The Walking Dead é, ainda assim, uma amálgama de partes relevantes da indústria americana que lhe dão um pedigree mais resistente ao cepticismo. Frank Darabont (Os Condenados de Shawshank, baseado num romance de Stephen King), a produtora Gale Anne Hurd (Aliens, Exterminador Implacável 1 e 2, Hulk), Sarah Wayne Callies (Prison Break) e Andrew Lincoln criam uma série com a marca AMC - o canal de Mad Men e Ruptura Total, que abriu o seu espaço da Noite das Bruxas aos zombies.

Os zombies não são sexy

Sarah Wayne Callies ainda hoje perde o sono por causa dos monstros com que filmou ("sou uma medricas"), mas fica séria quando fala com o P2 sobre se o espírito de um mundo em crise e em reorganização terá embebido esta narrativa. "Quando vejo os noticiários às vezes penso que estamos a começar a tornar-nos pessoas que não reconhecemos. O entretenimento que explore isso, com a fantasia dos zombies adicionada, é uma forma interessante de nos movermos por essas emoções", diz. Tal como Lincoln, evoca a velha máxima do projecto que transcende o seu género (leia-se o terror) e que conta histórias de sobrevivência, de superação.

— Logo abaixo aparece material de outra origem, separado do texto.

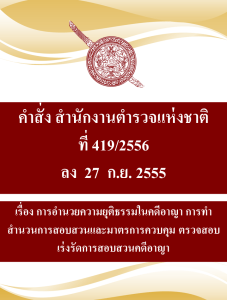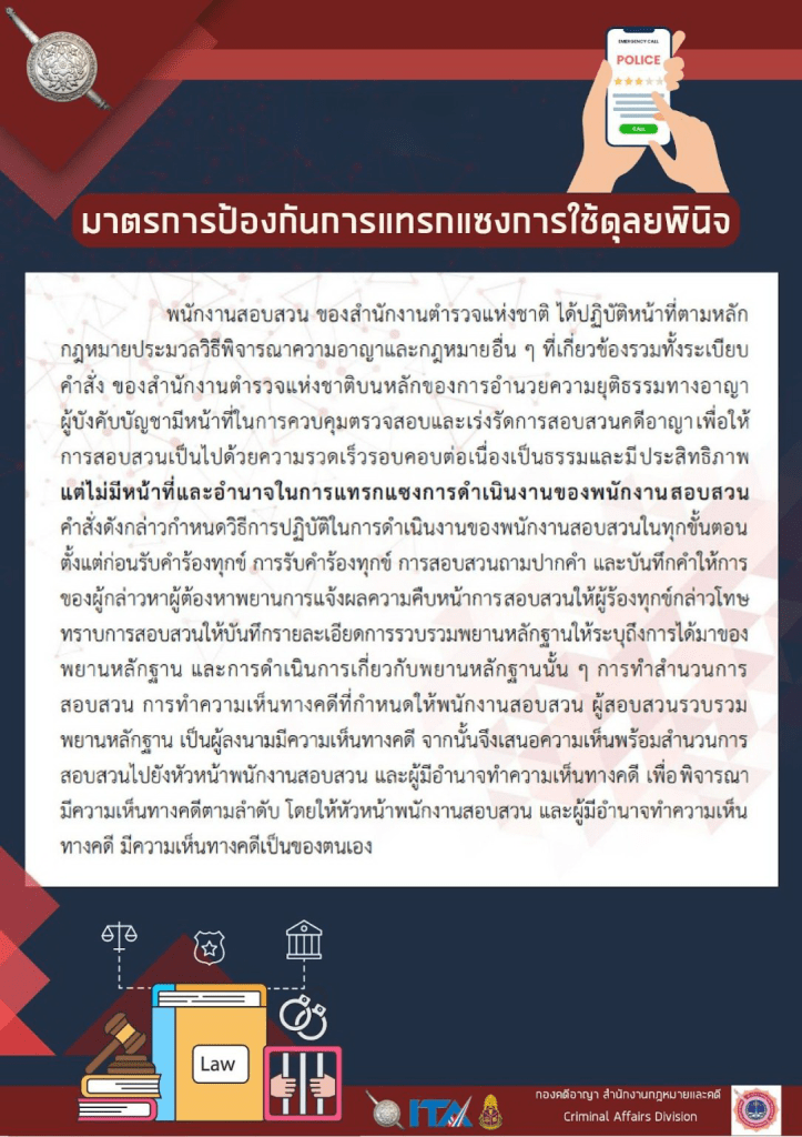 กฎหมายที่เกี่ยวข้อง กฎหมายใหม่ที่ประชาชนควรรู้ พระราชบัญญัติว่าด้วยการปรับเป็นพินัย พ.ศ.2565พระราชบัญญัติ ป้องกันและปราบปราม การทรมานและการกระทำให้บุคคลสูญหาย พ.ศ. 2565พระราชบัญญัติจราจรทางบก พ.ศ.2565พระราชบัญญัติคุ้มครองข้อมูลส่วนบุคคล พ.ศ.2562กฎหมายเกี่ยวกับบุหรี่ไฟฟ้าพ.ร.บ.จราจรทางบกพ.ร.บ.บัตรประจำตัวประชาชนพระราชบัญญัติการทะเบียนราษฎร (ฉบับที่ 3) พ.ศ. 2562พ.ร.บ.คุมครองข้อมูลข่าวสารคอมพิวเตอร์กฎหมายครอบครัวกฎหมายกับการกระทําความผิดของเด็กและเยาวชนกฎหมายว่าด้วยมรดกกฎหมายและนโยบายการควบคุมยาสูบอย่างครอบคลุมความรู้เกี่ยวกับกฎหมายว่าด้วยสุรา กฎหมายที่มีการบังคับใช้ในสถานีตำรวจ ประมวลกฎหมายอาญาประมวลกฎวิธีพิจารณาคดียาเสพติดประมวลกฎหมายวิธีพิจารณาความอาญาประมวลกฎหมายยาเสพติดแก้ไขเพิ่มเติมประมวลกฎหมายอาญา (ฉบับที่ ๒๘)แก้ไขเพิ่มเติมประมวลกฎหมายอาญา (ฉบับที่ ๒๖) กฎหมายในควารับผิดชอบของสำนักงานตำรวจแห่งชาติ พระราชบัญญัติตำรวจแห่งชาติ พ.ศ. 2565พระราชบัญญัติข้อมูลข่าวสารของราชการ พ.ศ. 2540พระราชบัญญัติ การจัดซื้อจัดจ้างและการบริหารพัสดุภาครัฐ พ.ศ. 2560กฎ ก.ตร. ว่าด้วยการแต่งตั้งข้าราชการตํารวจ พ.ศ. 2561กฎ ก.ตร.ว่าด้วยหลักเกณฑ์และวิธีการแต่งตั้งยศ พ.ศ.2554กฎ ก.ตร.ว่าด้วยหลักเกณฑ์และวิธีการพิจารณาเลื่อนเงินเดือนข้าราชการตำรวจ พ.ศ. 2556 กฎ ก.ตร.ว่าด้วยการกำหนดหลักเกณฑ์และวิธีการพิจารณาเลื่อนเงินเดือนข้าราชการตำรวจ พ.ศ.2556แผนการป้องกันและบรรเทาสาธารณภัย สำนักงานตำรวจแห่งชาติ พ.ศ.2559แนวปฏิบัติเพื่อป้องกันและแก้ไขปัญหาการล่วงละเมิดหรือคุกคามทางเพศในการทำงาน คลิ๊กเพื่ออ่านต่อ คลิ๊กเพื่ออ่านต่อ คลิ๊กเพื่ออ่านต่อ คลิ๊กเพื่ออ่านต่อ คลิ๊กเพื่ออ่านต่อ คลิ๊กเพื่ออ่านต่อ คลิ๊กเพื่ออ่านต่อ กฎหมายในการปฏิบัติราชการของสำนักงานตำรวจแห่งชาติ พระราชบัญญัติตำรวจแห่งชาติ พ.ศ. 2565 พระราชบัญญัติข้อมูลข่าวสารของราชการ พ.ศ. 2540 พระราชบัญญัติ การจัดซื้อจัดจ้างและการบริหารพัสดุภาครัฐ พ.ศ. 2560 พระราชบัญญัติการชุมนุมสาธารณะ พ.ศ. 2558 พระราชบัญญัติธุรกิจรักษาความปลอดภัย พ.ศ.2558 แนวทางปฏิบัติตามกฎหมาย มาตรการป้องกันแทรกแซง การใช้ดุลยพินิจ แนวปฏิบัติในการใช้ดุลยพินิจไม่รับคำร้องทุกข์ในคดีอาญา แนวปฏิบัติในการสอบปากคำของพนักงานสอบสวน สิทธิของผู้เสียหายหรือเหยื่ออาชญากรรมและสิทธิผู้ต้องหา กลับสู่หน้าหลักBack To Homepage

Gale Anne Hurd, afónica e por isso a teclar noutro quarto perante as perguntas do P2, resume: "O apocalipse zombie é uma forma de examinar como a sociedade poderia sobreviver a um evento de extinção e os dilemas morais dos sobreviventes a cada dia."

Mas vamos a factos: esta é uma série de zombies que sim, tal como a sua origem nos comics da chancela Image, puxa à reflexão, mas é ainda assim um guilty pleasure para os fãs do género. Não se inventam novos zombies - a sua narrativa base está mais do que escrita e podemos pensar em 28 Dias Depois, Shaun of the Dead, Zombieland. No entanto, e esta é a vírgula que pausa a acção antes de ela começar a sério, esta é a hipótese de ir, como quer Robert Kirkman, que aqui é o produtor executivo, mais além na história. De explorar os tais dilemas. De ter ou não compaixão por "um balde de entranhas e sangue meio morto que está a tentar matar os nossos heróis", como descreve Callies sem pruridos.

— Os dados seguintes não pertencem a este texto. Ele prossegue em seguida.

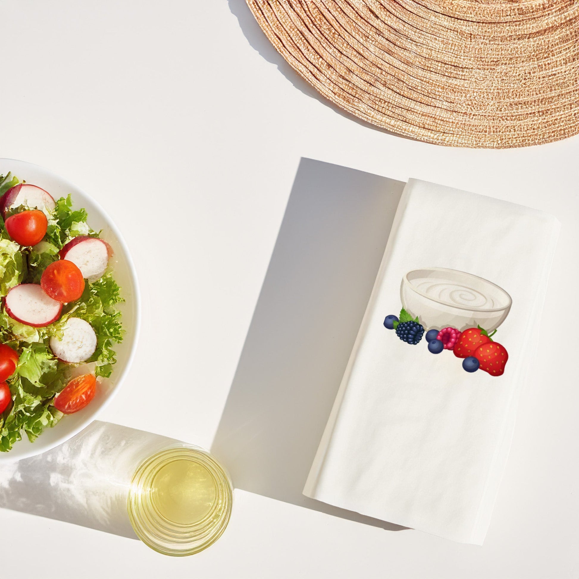 Hafif, sağlıklı ve enerjik bir kahvaltı ruhunu sofralara taşıyan Yoğurt & Berry Bowl Temalı Baskılı Peçete, yoğurt kabı önünde çilek, yaban mersini, frambuaz ve böğürtlen illüstrasyonlarıyla fresh ve modern bir görünüm sunar. Özellikle healthy breakfast, fit menü, smoothie bowl, detox kahvaltı konseptlerine birebir uyum sağlar.

E Darabont, conhecido por algumas investidas mais delicodoces no cinema, quis aqui "a liberdade de contar a história da série BD sem receber bilhetes do canal a perguntar "Os zombies não podem ser sexy como os vampiros?"", recorda Hurd. Como se vê na imagem apensa a este texto, a resposta é não. E ainda bem.

Desactivar a pirataria

Esta é também uma produção com estratégia montada à medida dos tempos - o Zeitgeist também se faz de downloads e streaming ilícitos e a estreia aqui poucos dias após a estreia nos EUA serve um propósito. "Desactivar o poder da pirataria", enumera Sarah Callies, "é uma óptima forma de consolidar os benefícios económicos do produto", prossegue, "criar impulso porque toda a gente o vê ao mesmo tempo e respeitar quem não está nos EUA", completa Andrew Lincoln.

"No mundo dos filmes, onde trabalho, é bastante comum", explica Hurd com a ajuda do seu computador. "Dados os problemas da pirataria e das críticas cena a cena, é muito importante que o público experiencie a série como era suposto ser vista", frisa Hurd, como que atestando que as estreias simultâneas (ou quase) são tão necessárias hoje quanto uma arma de fogo frente a uma horda de zombies.

Chove em Londres. Gale Anne Hurd, ainda sem voz, garante que fazer uma série é muito mais satisfatório do que trabalhar num filme. "Temos seis horas para passar com as nossas personagens e para desenvolver um mundo." Depois da exibição dos primeiros episódios, o AMC decide se a série continua. A Fox não só aposta em The Walking Dead como mostra, no dia 4, nos canais National Geographic, o documentário A Verdade por Detrás dos Zombies, isto depois de ter enchido as praças de várias cidades, Lisboa incluída, de mortos-vivos a promover a série.

E para responder à pergunta sobre um balde de entranhas que desperta compaixão, a resposta de parte da audiência londrina parece ser um enojado mas convicto "sim".